Scientific classification
- Kingdom: Animalia
- Phylum: Mollusca
- Class: Gastropoda
- Subclass: Caenogastropoda
- Order: Littorinimorpha
- Family: Eulimidae
- Genus: Melanella
- Species: M. decipiens
- Binomial name: Melanella decipiens (Hedley, 1899)
- Synonyms: Eulima decipiens Hedley, 1899

= Melanella decipiens =

- Authority: (Hedley, 1899)
- Synonyms: Eulima decipiens Hedley, 1899

Species of gastropod

Melanella decipiens is a species of sea snail, a marine gastropod mollusk in the family Eulimidae.

==Description==
The length of the shell attains 5 mm, its diameter 1.5 mm.

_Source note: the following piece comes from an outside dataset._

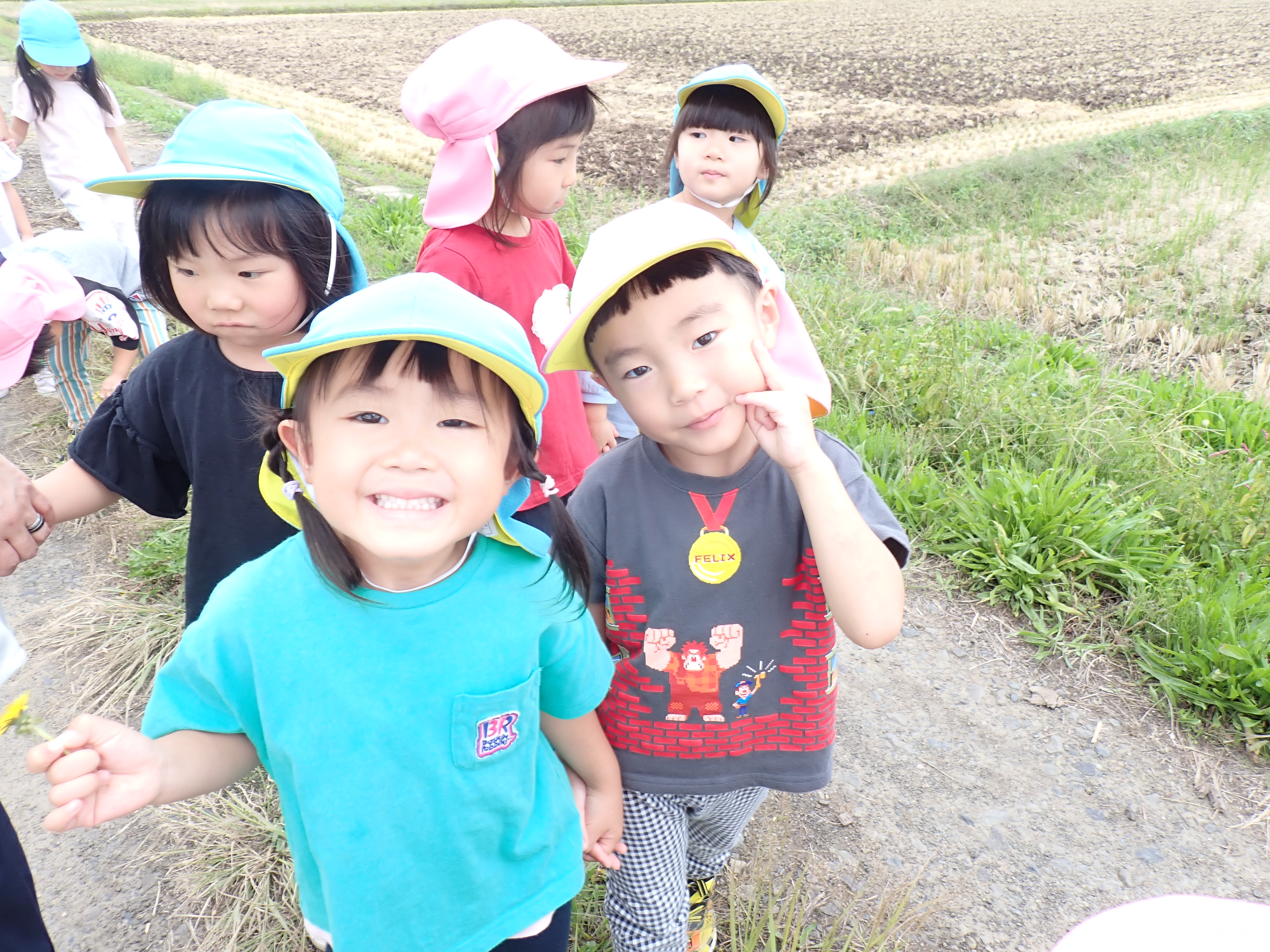 農道をお散歩。バッタやトンボを見つけたよー!

(Original description) The shell is small, straight and rather broa. It is translucent, and glossy, with a porcelain-white colour. The apex is mucronate. It consists of eleven whorls, which are scarcely rounded and show no sculpture. The suture is scarcely perceptible; what at first appears to be the suture, however, proves, under further magnification, to be the internal septa visible through the substance of the shell. The aperture is pyriform and oblique, with a callous, arched columella.

==Distribution==
This marine species occurs off Funafuti, Tuvalu.